● **Task**
Extract the text of every entry below exactly; leave images out.

(Stored data entries)
◇ ◇ ◇ ◇ ◇ ◇ ◇

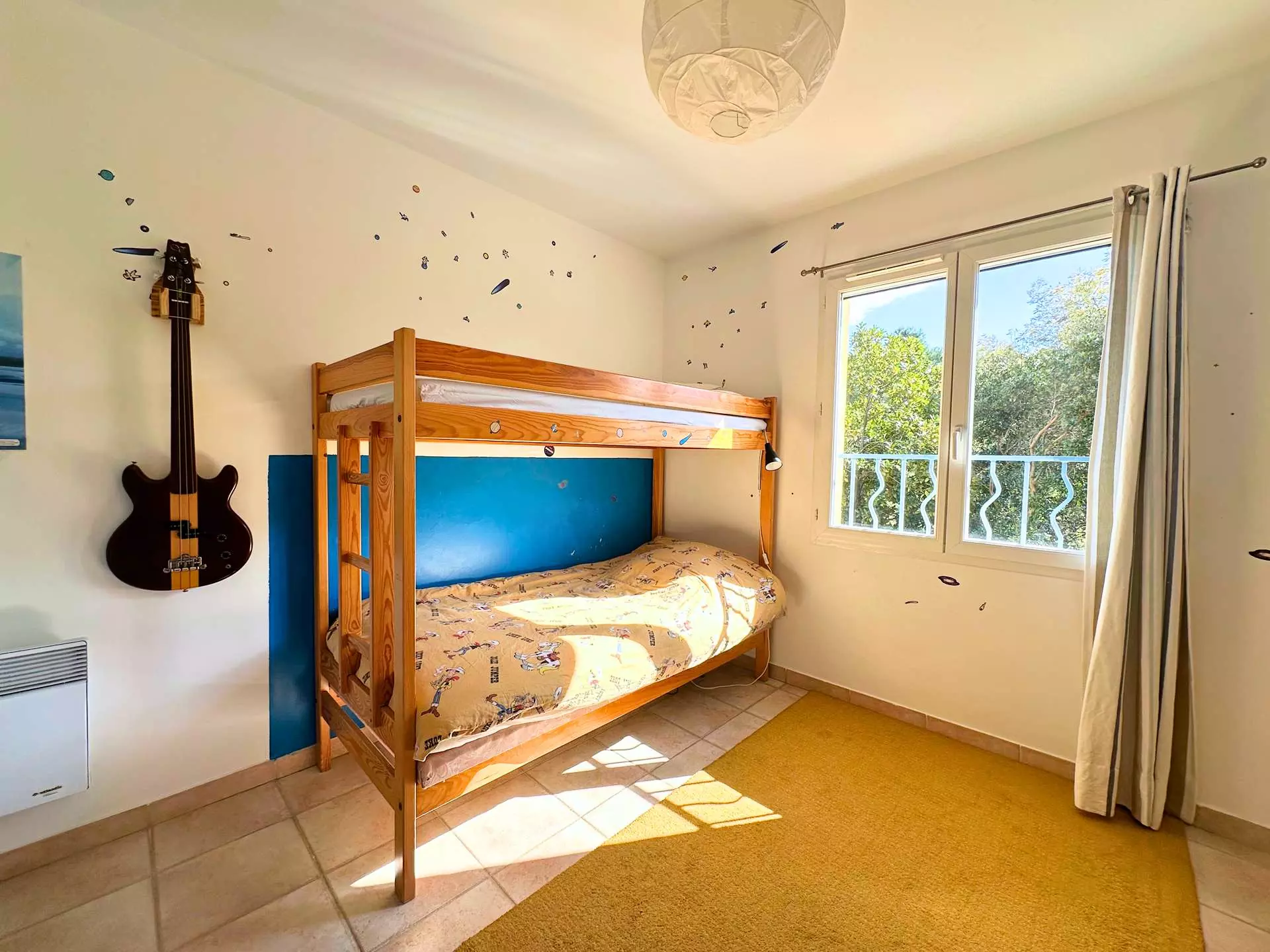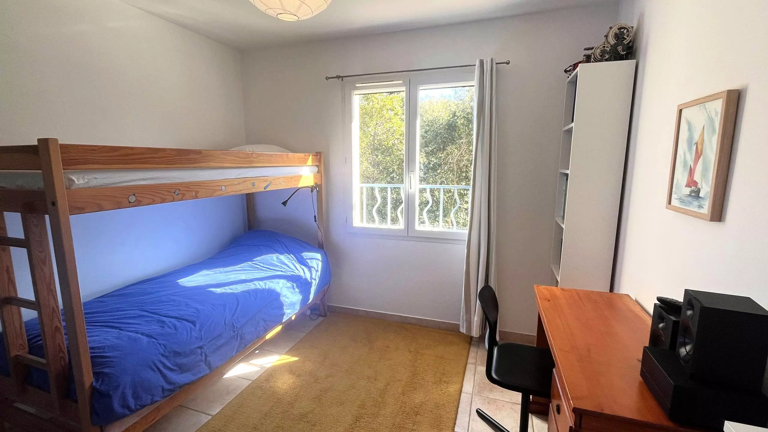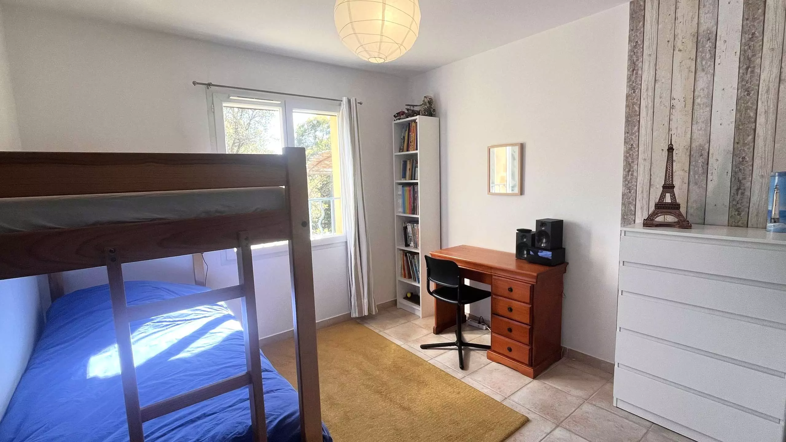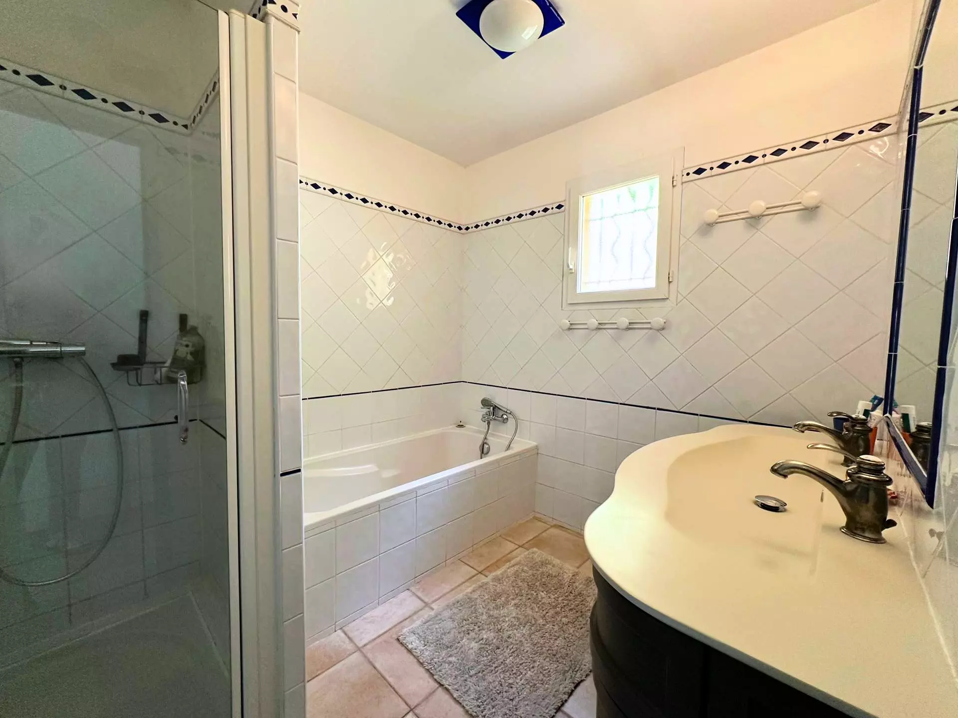 This villa benefits from a vast outdoor space of approximately 1,500 m², with a private 5 x 3 m salt water pool and a lovely terrace equipped with a shaded outdoor dining area and an electric griddle, ideal for enjoying the sun and sharing meals with family or friends.
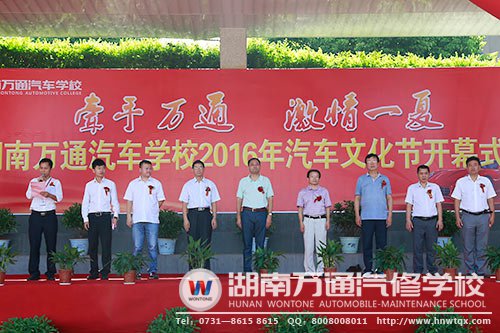 汽車文化節(jié),是湖南萬通汽修學(xué)校獨(dú)具特色,集專業(yè)教育、學(xué)生技能比拼、文體活動(dòng)為一體的大型校園活動(dòng),自舉辦以來,受到每一屆學(xué)生的歡迎。7月23日上午9點(diǎn),湖南萬通2016年汽車文化節(jié)開幕式在學(xué)校操場舉行,湖南省民辦教育協(xié)會(huì)副會(huì)長羅安民、長沙理工大學(xué)教育學(xué)院院長顏鮮明、湖南廣播電視大學(xué)直屬學(xué)院院長許旭、湖南省民辦教育協(xié)會(huì)副秘書長章洪波、湖南省汽車商會(huì)副秘書長肖海、長沙賓利汽車有限公司服務(wù)經(jīng)理陳杰、學(xué)校校長潘太煌以及校長助理韓明與全校師生一起出席了本次文化節(jié)開幕式,共同領(lǐng)略了一場汽車文化的饕餮盛宴。
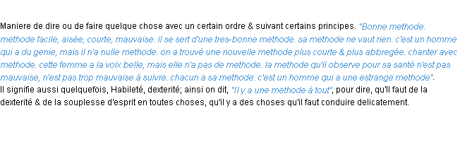 Ancienne signification parue en 1694 dans dictionnaire de l’Académie Française.Merci à Sylvianne et Irène pour la numérisation du mot methode.
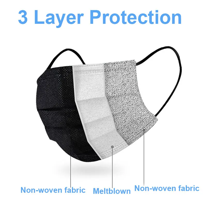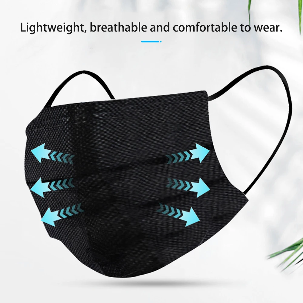 Маска одноразовая трехслойная Нетканая для лица, фильтр тканевый, защитная маска с петлями для ушей, PM2.5, черная, 10-200 шт.
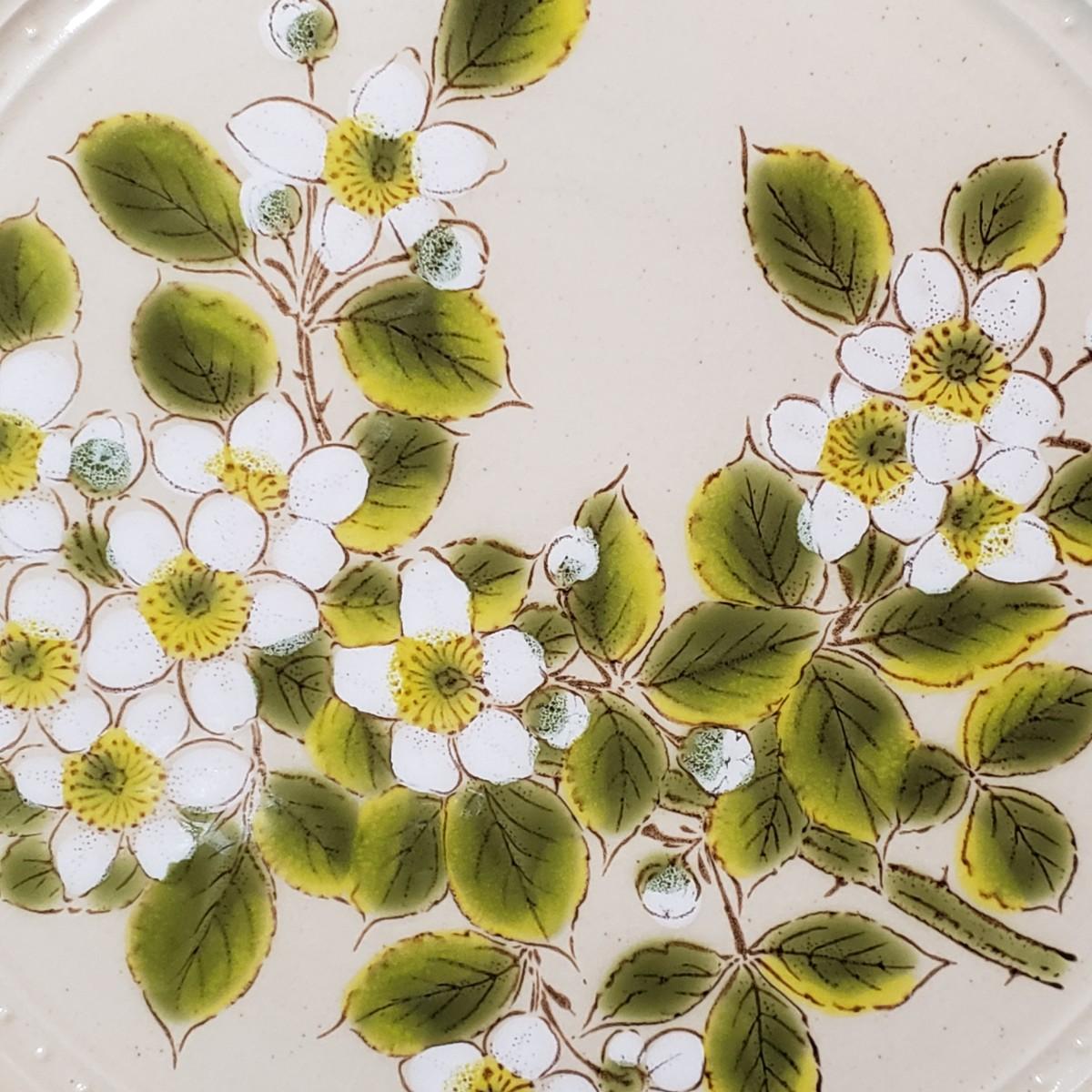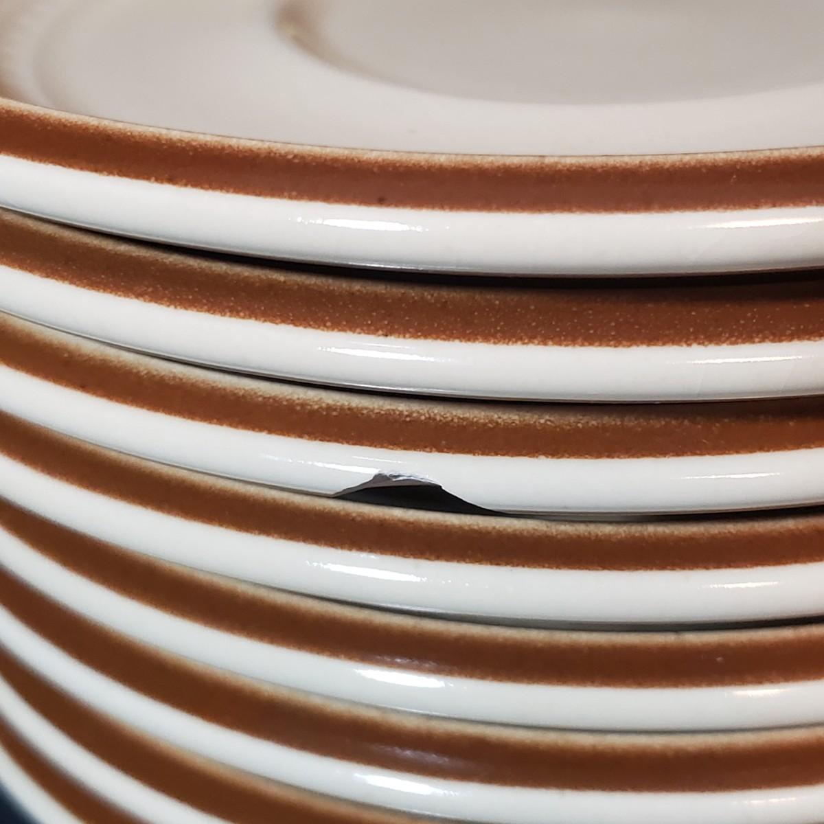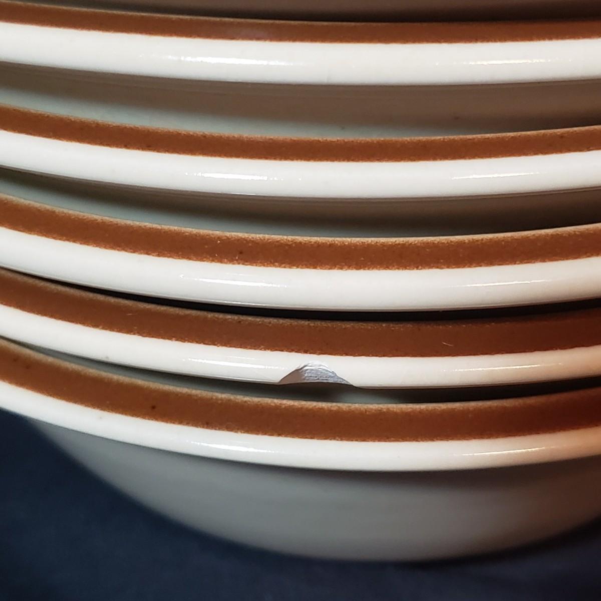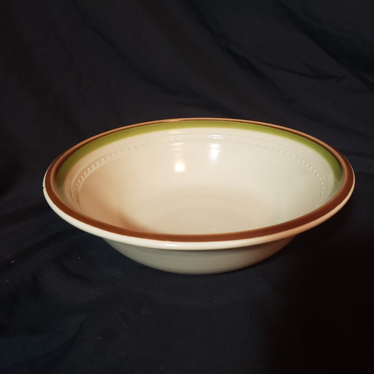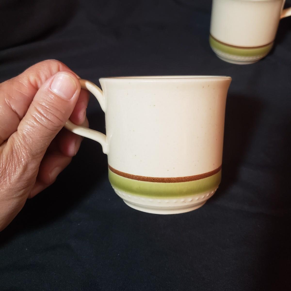 This is a reto dish set by Arita Fuji Tabletop Craftstone. Set comes with a platter (12"), a serving bowl, 8 dinner plates (11"), 8 small plates, 7 bowls, a creamer and sugar bowl and 8 mugs with saucers. There are some chips on some dishes, see pictures for details.

◇ ◇ ◇ ◇ ◇ ◇ ◇

● **Task output**
 This villa benefits from a vast outdoor space of approximately 1,500 m², with a private 5 x 3 m salt water pool and a lovely terrace equipped with a shaded outdoor dining area and an electric griddle, ideal for enjoying the sun and sharing meals with family or friends.
 汽車文化節(jié),是湖南萬通汽修學(xué)校獨(dú)具特色,集專業(yè)教育、學(xué)生技能比拼、文體活動(dòng)為一體的大型校園活動(dòng),自舉辦以來,受到每一屆學(xué)生的歡迎。7月23日上午9點(diǎn),湖南萬通2016年汽車文化節(jié)開幕式在學(xué)校操場舉行,湖南省民辦教育協(xié)會(huì)副會(huì)長羅安民、長沙理工大學(xué)教育學(xué)院院長顏鮮明、湖南廣播電視大學(xué)直屬學(xué)院院長許旭、湖南省民辦教育協(xié)會(huì)副秘書長章洪波、湖南省汽車商會(huì)副秘書長肖海、長沙賓利汽車有限公司服務(wù)經(jīng)理陳杰、學(xué)校校長潘太煌以及校長助理韓明與全校師生一起出席了本次文化節(jié)開幕式,共同領(lǐng)略了一場汽車文化的饕餮盛宴。
 Ancienne signification parue en 1694 dans dictionnaire de l’Académie Française.Merci à Sylvianne et Irène pour la numérisation du mot methode.
 Маска одноразовая трехслойная Нетканая для лица, фильтр тканевый, защитная маска с петлями для ушей, PM2.5, черная, 10-200 шт.
 This is a reto dish set by Arita Fuji Tabletop Craftstone. Set comes with a platter (12"), a serving bowl, 8 dinner plates (11"), 8 small plates, 7 bowls, a creamer and sugar bowl and 8 mugs with saucers. There are some chips on some dishes, see pictures for details.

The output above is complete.